The basic component of capacitor is inseparable from any hardware circuit. It can be said that these components are not only related to the overall stability of the hardware circuit, but also determine the quality of electronic equipment.
MLCC, multilayer ceramic capacitor, is currently the hottest type of capacitor, and its application fields have already widely covered various industries such as automatic control instruments, computers, mobile phones, digital home appliances, and automotive electronics. In a wide range of market applications, MLCC-related technologies and products are developing rapidly, and high-end MLCCs have become the common pursuit of the market and suppliers.

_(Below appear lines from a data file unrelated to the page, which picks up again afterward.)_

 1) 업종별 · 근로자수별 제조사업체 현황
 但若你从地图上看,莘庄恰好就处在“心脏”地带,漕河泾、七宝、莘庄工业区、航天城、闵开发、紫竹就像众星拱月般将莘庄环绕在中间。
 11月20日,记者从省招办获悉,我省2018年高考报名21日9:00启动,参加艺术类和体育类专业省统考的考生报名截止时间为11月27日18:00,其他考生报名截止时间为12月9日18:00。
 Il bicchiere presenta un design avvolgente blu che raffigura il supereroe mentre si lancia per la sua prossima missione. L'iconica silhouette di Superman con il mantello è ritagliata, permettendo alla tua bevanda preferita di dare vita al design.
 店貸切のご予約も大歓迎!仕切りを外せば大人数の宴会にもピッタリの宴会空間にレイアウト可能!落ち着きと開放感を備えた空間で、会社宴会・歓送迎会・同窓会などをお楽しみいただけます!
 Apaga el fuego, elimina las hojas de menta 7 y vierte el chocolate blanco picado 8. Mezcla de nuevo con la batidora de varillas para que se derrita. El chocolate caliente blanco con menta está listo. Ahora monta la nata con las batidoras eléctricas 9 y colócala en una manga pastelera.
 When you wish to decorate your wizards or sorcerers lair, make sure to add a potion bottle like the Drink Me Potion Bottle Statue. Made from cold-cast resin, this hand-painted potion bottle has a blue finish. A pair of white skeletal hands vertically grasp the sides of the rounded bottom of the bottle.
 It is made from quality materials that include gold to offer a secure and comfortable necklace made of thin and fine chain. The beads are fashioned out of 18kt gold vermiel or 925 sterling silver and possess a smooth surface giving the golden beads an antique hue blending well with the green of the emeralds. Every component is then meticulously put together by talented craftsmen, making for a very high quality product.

Consumer MLCCs are weak, but demand for high-end MLCCs in the 5G and automotive markets is strong
The downstream application scenarios of the multi-layer ceramic capacitor (MLCC)cover almost all scenarios that require electronic equipment, from the consumer field, communication field, industrial field, automotive field to military industry, aerospace field, these applications are indispensable for MLCC. The main downstream application markets of MLCC include consumer electronics, communication base stations, automotive electronics and industrial equipment.

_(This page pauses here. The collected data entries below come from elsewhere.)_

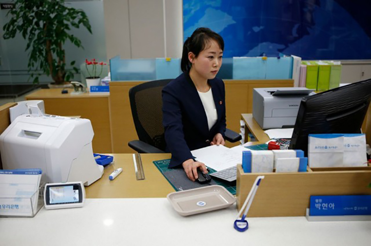 在開城工業園區內銀行工作的朝鮮員工。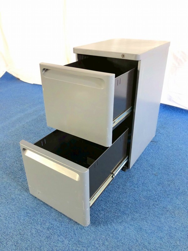 【米軍放出品】ハーマンミラー 引き出し2段 カギ付き オフィスキャビネット スチール製 収納家具 書類整理 (160) ☆BI29IK-W#25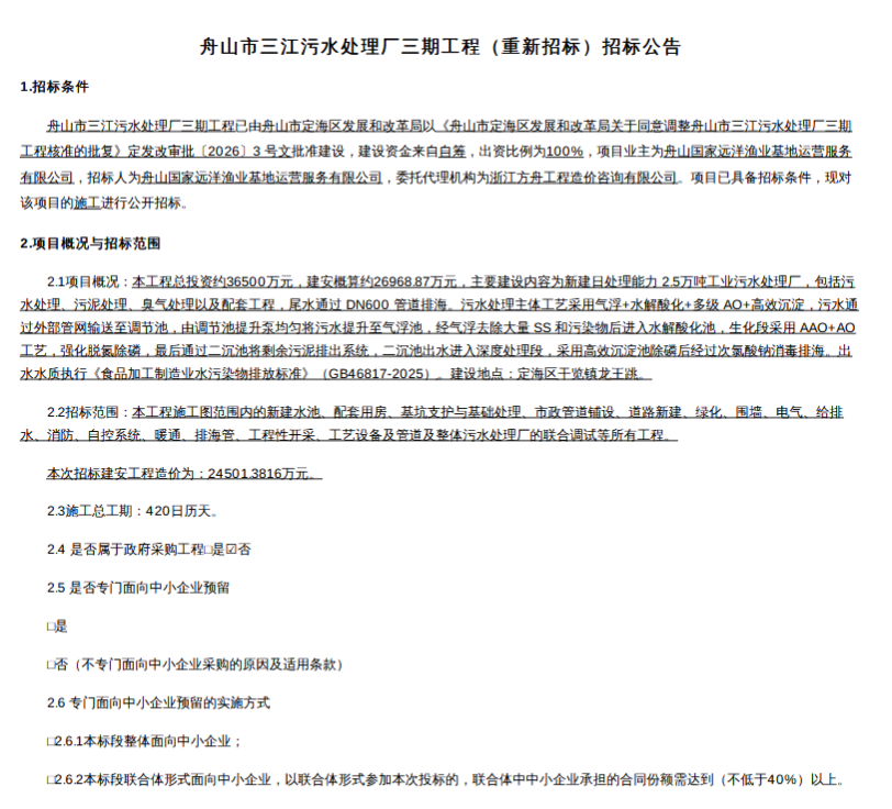 4月27日,浙江省舟山市三江污水处理厂三期工程(重新招标)招标公告发布。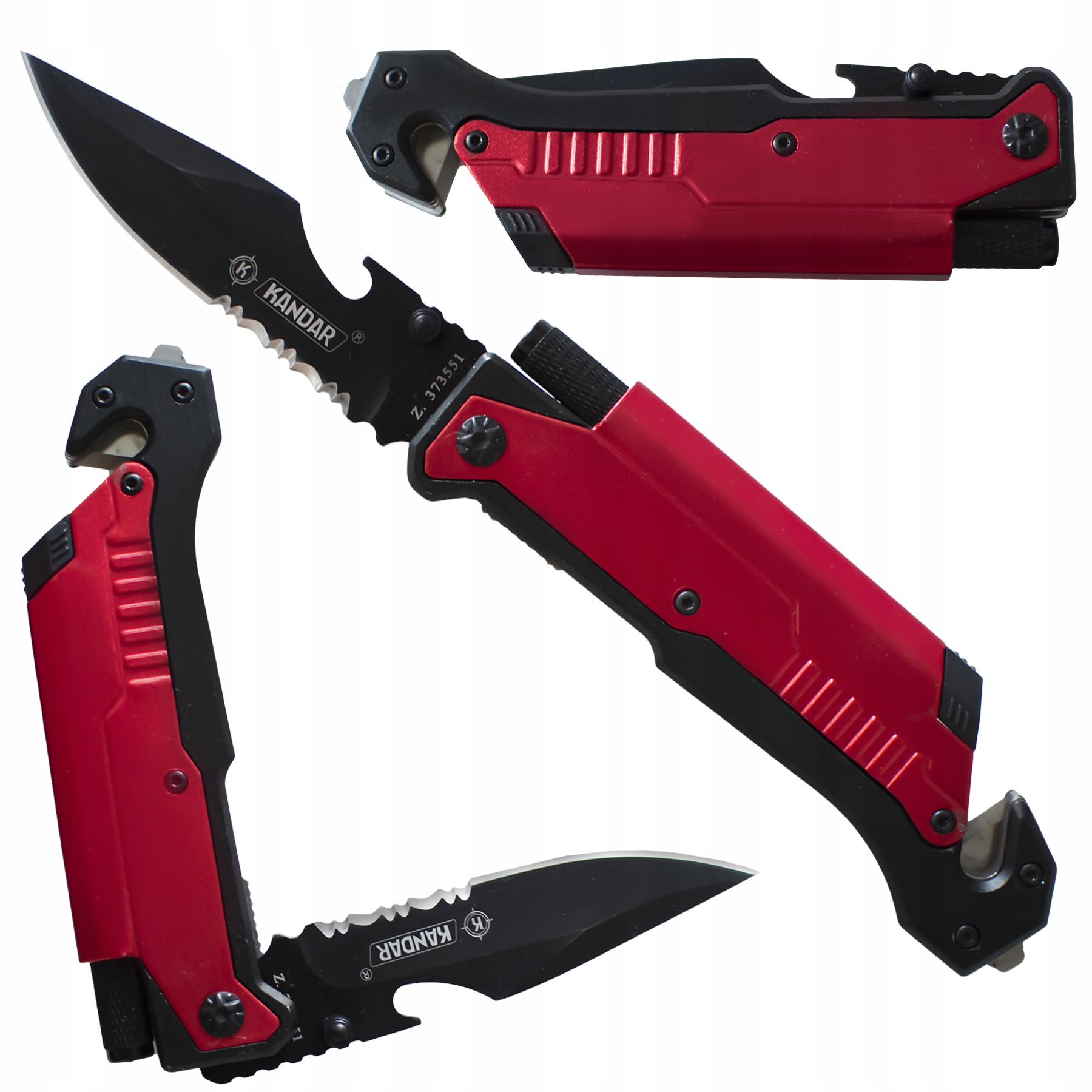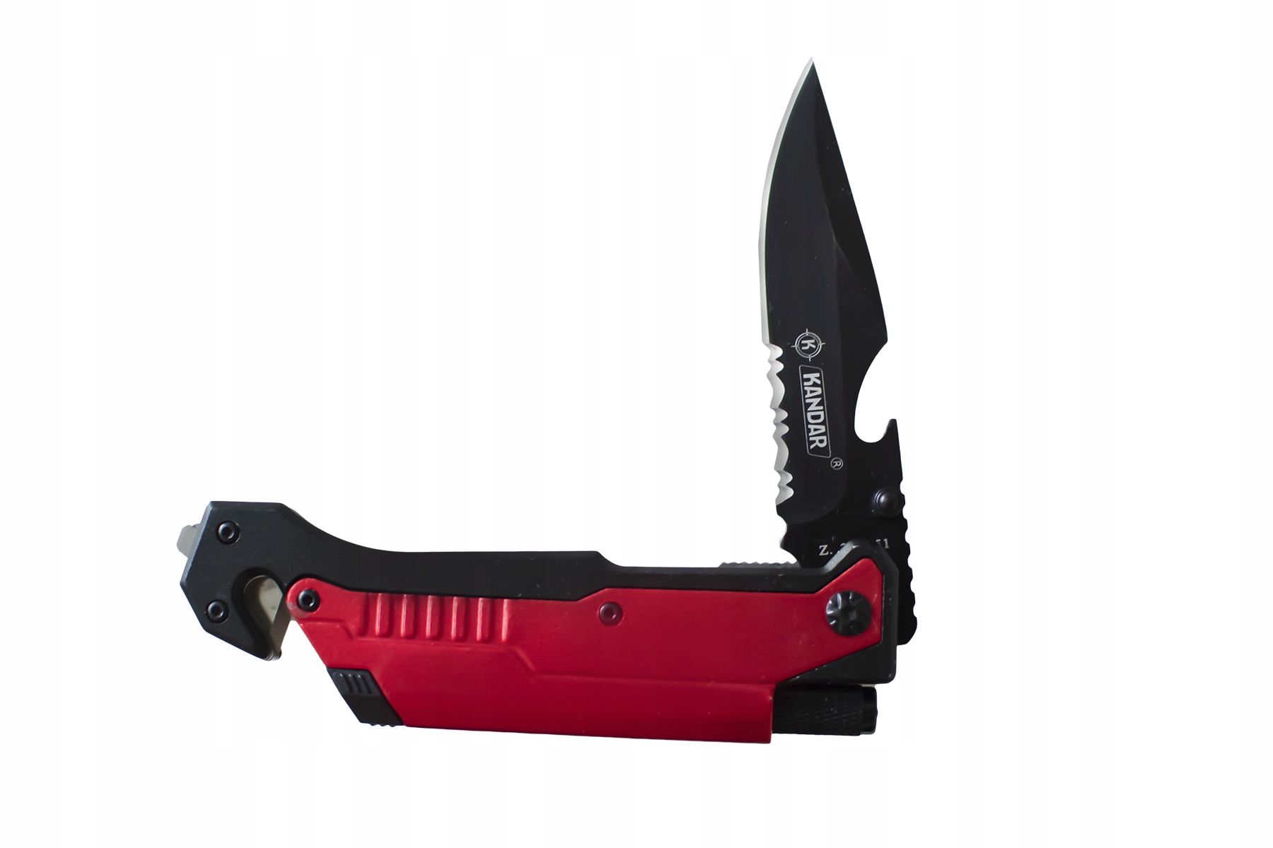 Складной спасательный нож Kandar JM-K16 — отличное решение для силовых структур и людей, передвигающихся в городских джунглях. Данная модель представляет собой удачное сочетание функциональности с оригинальной линейкой, отвечающей эстетическим вкусам пользователей. Зазубренное лезвие специальной формы приспособлено для разрезания веревок.

From the perspective of application demand, about 70% of the demand for MLCC comes from the field of consumer electronics . However, with the decline in demand for smartphones, tablets, and PCs, MLCC showed a weak trend in the consumer market last year. The slowdown in consumer demand has caused MLCC manufacturers to face the problem of prolonged destocking time. As consumer MLCC profits are getting lower and lower, many MLCC manufacturers are shifting to automotive applications, energy storage applications and 5G applications.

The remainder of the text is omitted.